Stored items
▽

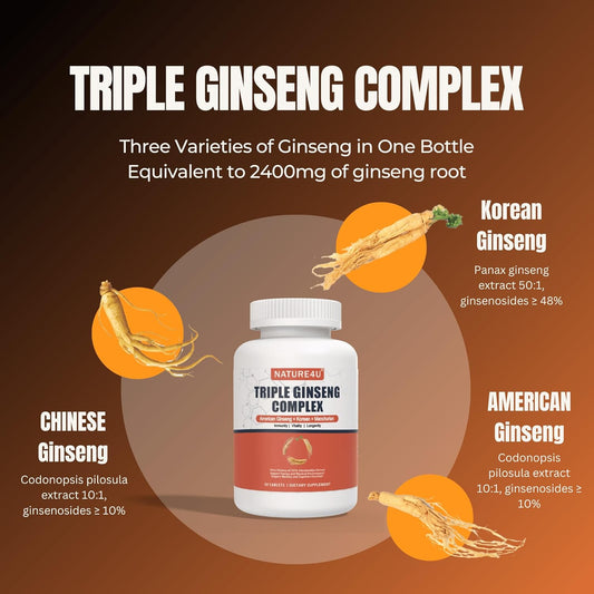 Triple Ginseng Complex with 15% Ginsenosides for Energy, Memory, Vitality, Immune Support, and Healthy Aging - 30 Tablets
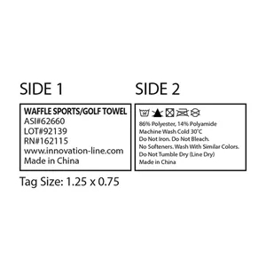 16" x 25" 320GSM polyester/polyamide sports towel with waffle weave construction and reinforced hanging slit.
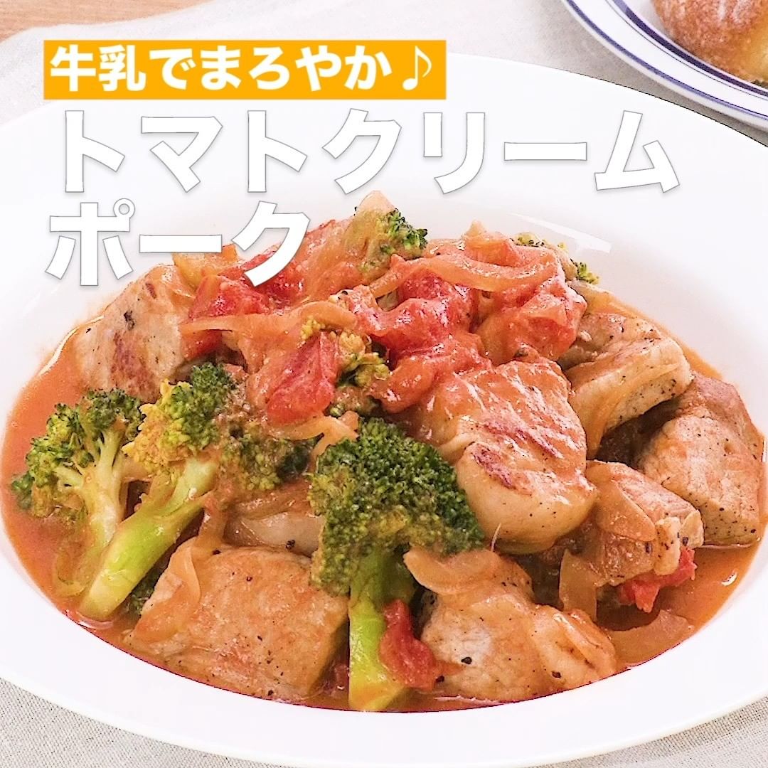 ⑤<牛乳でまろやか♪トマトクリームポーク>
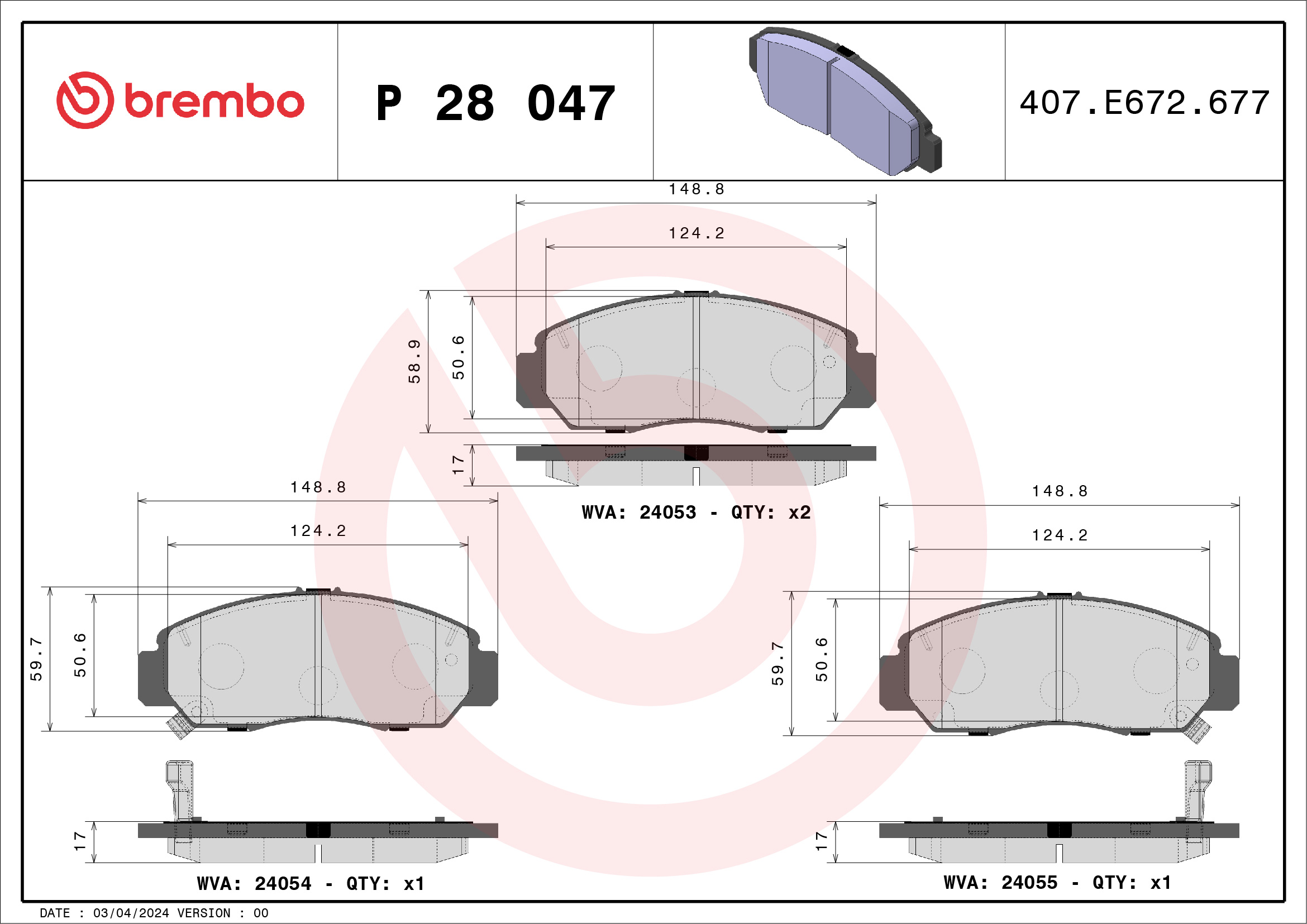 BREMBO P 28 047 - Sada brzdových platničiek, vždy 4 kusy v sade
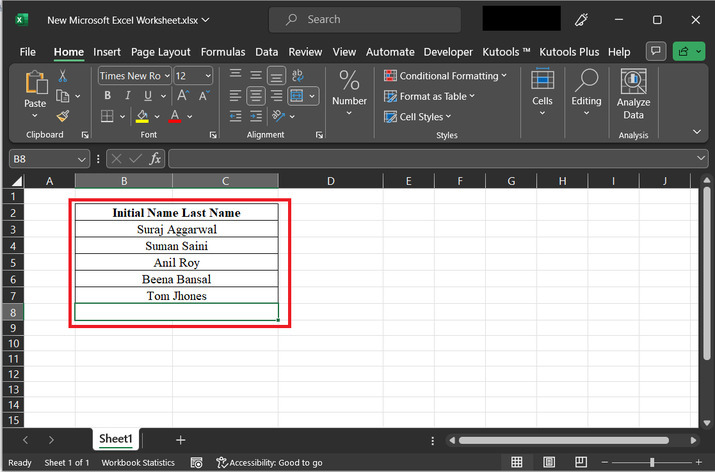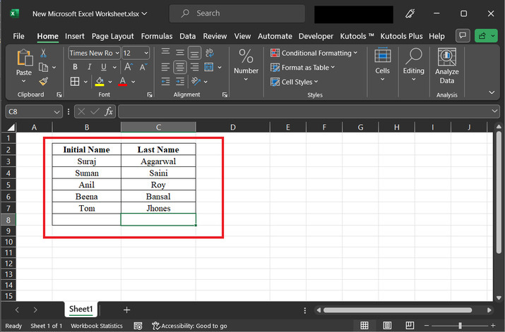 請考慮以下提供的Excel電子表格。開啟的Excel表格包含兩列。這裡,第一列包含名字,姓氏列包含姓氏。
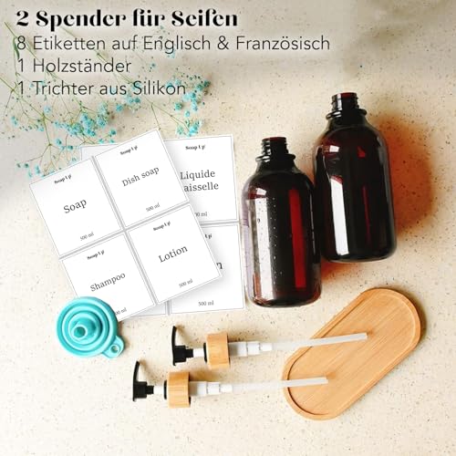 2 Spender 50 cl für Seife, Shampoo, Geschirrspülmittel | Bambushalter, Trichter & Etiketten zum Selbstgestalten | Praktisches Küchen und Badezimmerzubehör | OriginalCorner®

△

** Problem requirements **
Print every line above exactly as given, but not the pictures.

** Your solution **
 Triple Ginseng Complex with 15% Ginsenosides for Energy, Memory, Vitality, Immune Support, and Healthy Aging - 30 Tablets
 16" x 25" 320GSM polyester/polyamide sports towel with waffle weave construction and reinforced hanging slit.
 ⑤<牛乳でまろやか♪トマトクリームポーク>
 BREMBO P 28 047 - Sada brzdových platničiek, vždy 4 kusy v sade
 請考慮以下提供的Excel電子表格。開啟的Excel表格包含兩列。這裡,第一列包含名字,姓氏列包含姓氏。
 2 Spender 50 cl für Seife, Shampoo, Geschirrspülmittel | Bambushalter, Trichter & Etiketten zum Selbstgestalten | Praktisches Küchen und Badezimmerzubehör | OriginalCorner®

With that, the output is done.